Abstract
In this review, we discuss the evidence for patients returning to sport after hip arthroplasty. This includes the choices regarding level of sporting activity and revision or complications, the type of implant, fixation and techniques of implantation, and how these choices relate to health economics. It is apparent that despite its success over six decades, hip arthroplasty has now evolved to accommodate and support ever-increasing patient demands and may therefore face new challenges.
Cite this article: Bone Joint J 2020;102-B(6):661–663.
Take home message
There is no evidence as yet that hip implants fail earlier with increased sporting activity in the short- to medium-term.
Present fixations and bearings would appear to be adequate in the short- to medium-term for amateur sporting activity.
The associated health economics of using more expensive techniques and implants may prove complex and will require input from multiple parties.

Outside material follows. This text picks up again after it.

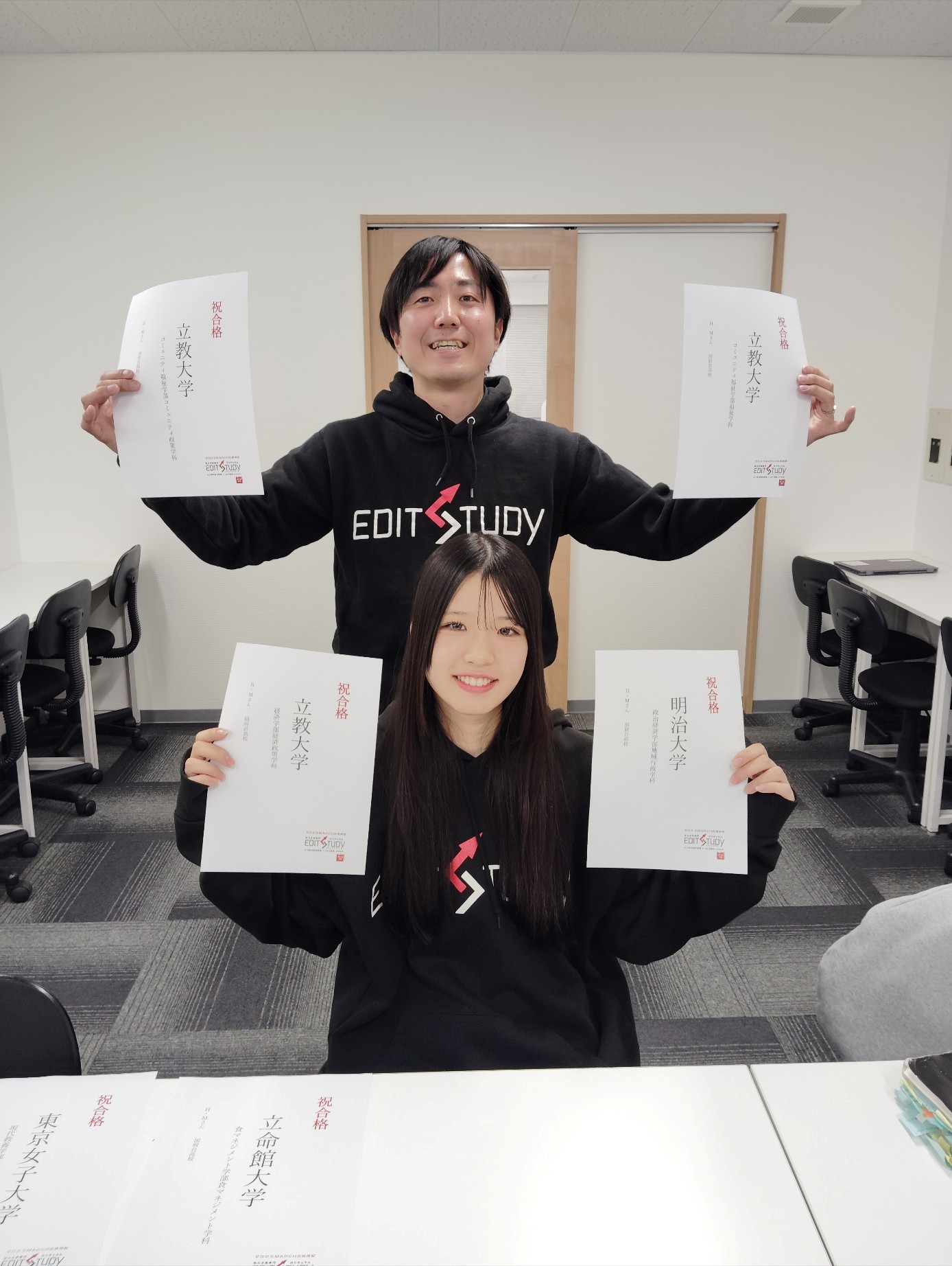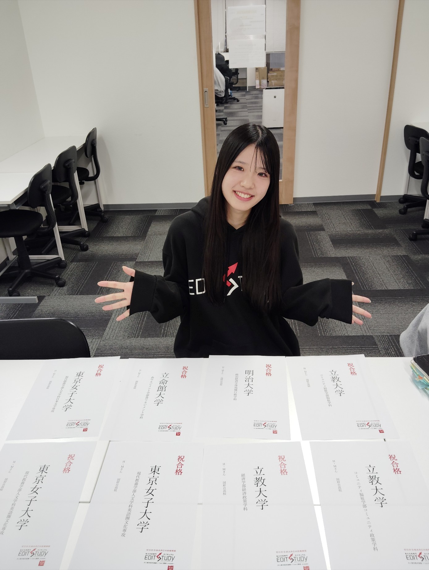 Hさん)とにかくEDIT STUDYSS(先生)たちのことは素直に信じられてました! 多分私文専門のカリキュラムだし、過去にも沢山受かってるじゃないですか?だからそれに従って先輩たちが受かったんだから、私もちゃんと素直にやってれば受かるんだっていう気持ちが大きかったんだと思います!

Total hip arthroplasty (THA) has been described as the operation of the century.1 When Sir John Charnley reflected on his creation, he determined that his implant could endure for 30 years, but not with the patient playing football.2 Although they may be influenced by the advice of their surgeons, patients are free, and usually able, to undertake the activities they wish postoperatively. The reality of what patients achieve in terms of both intensity and duration of activity is often different from what they report, and from what they are advised that they should carry out. A mismatch between expectations and outcome can contribute to 15% of patients reported to be dissatisfied with their outcome despite having good functional scores.3 Under the Montgomery ruling,4 we should be prepared to advise individual patients on the level of sport to which they can expect to return and to the potential complications, including the wear and fixation related consequences, that could result.

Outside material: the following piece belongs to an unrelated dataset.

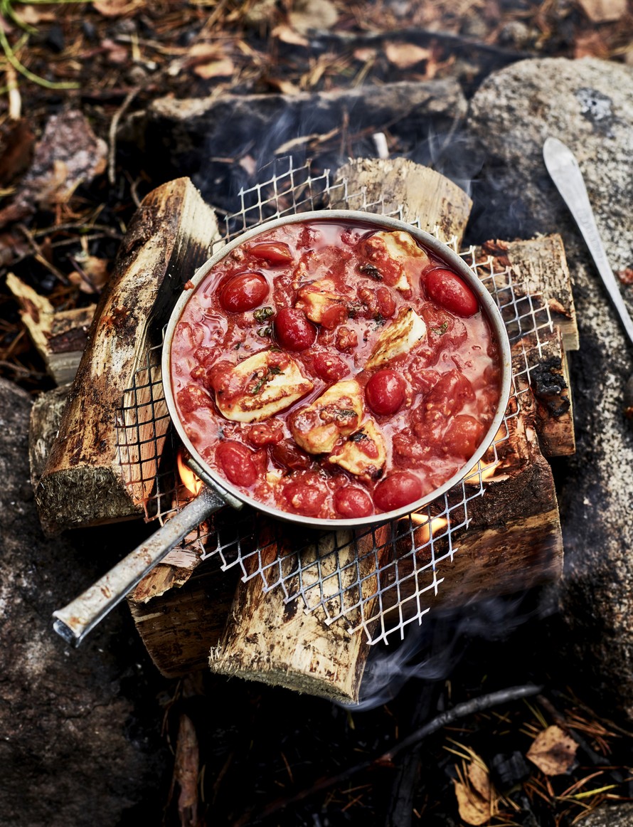 Helppo halloumi-tomaattipannu onnistuu vaikka retkellä. Tarjoa se bulgurin, ohran tai vaikka hyvän leivän kanssa.

Previous reviews of the literature5-7 have reported that participation in sporting activity following joint arthroplasty is common and is principally determined by the preoperative patient activity levels, body mass index, and patient age. Post-arthroplasty, the total time spent performing sporting activity was not reported to change, but activity tends to be at a lower intensity. It is theorized that excessive motion at the biological interface of more than 30 μm to 150μm will to lead to fibrous tissue formation, rather than osseointegration.8 It is also suggested that this can be improved by topographic modification at the nanoscale level of the surface of uncemented devices.9 Alternatively, polymethylmethacrylate used in the fixation of hip implants has demonstrated osseointegration over a long postoperative period.10 However, given there is no reported correlation with sporting activity increasing the prevalence of failure of either fixation it appears the present fixations and bearings are adequate in the short- to medium-term for amateur sporting activity.5
It also appears that, at present, there is no substantial literature reporting an association with early activity and arthroplasty complications such as fracture or instability. Indeed, recent evidence around early dislocation would suggest that a disregard of precautions and active return to lifestyle activity may actually be beneficial.11,12 This may, to some extent, have been influenced by improved surgical technique for existing approaches and the evolution of soft-tissue preserving approaches, combined with increasing femoral head size and improved implant positioning facilitated by various devices and surgical strategies. The latest data reported from the National Joint Registry of England Wales and the Isle of Man demonstrated 96% survival at five years, even in patients under 20 years of age at the time of arthroplasty.13
This leaves three key issues to be considered:
1. Choice of activity post-hip surgery and early failure
There is no evidence as yet that hip implants fail earlier with increased sporting activity, but not many studies report beyond ten years follow-up. The results of implants such as the Birmingham hip resurfacing (Smith & Nephew, Warwick, UK) and THAs such as the Exeter (Stryker, Newbury, UK) have been impressive in young patients under 40 years of age in terms of survival,14-17 although the indications for surgery in these young patients are varied and activity levels are not reported in detail. More evidence is required on sub-stratifying the level of sporting activity achieved in these cohorts, which would allow more accurate evaluation of whether long-term survival in the very active is indeed inferior. There have been limited reports that high University of California, Los Angeles (UCLA) score activity has not reduced the survivorship of hip resurfacing arthroplasties.18 However, the UCLA score is subject to ceiling effects and does not differentiate active from extremely active patients leading Amstutz and Le Duff to report on the new “quantity of activity” equation avoiding this.19 From 806 hip resurfacings assessed by this measure, there was still no specific type of postoperative sporting activity associated with detrimental survivorship.19 With surgeons appearing to be less restrictive on the activities of patients post-THA, it will be interesting to see if their survival is also as good at 20 years when exposed to more extreme activities and sports.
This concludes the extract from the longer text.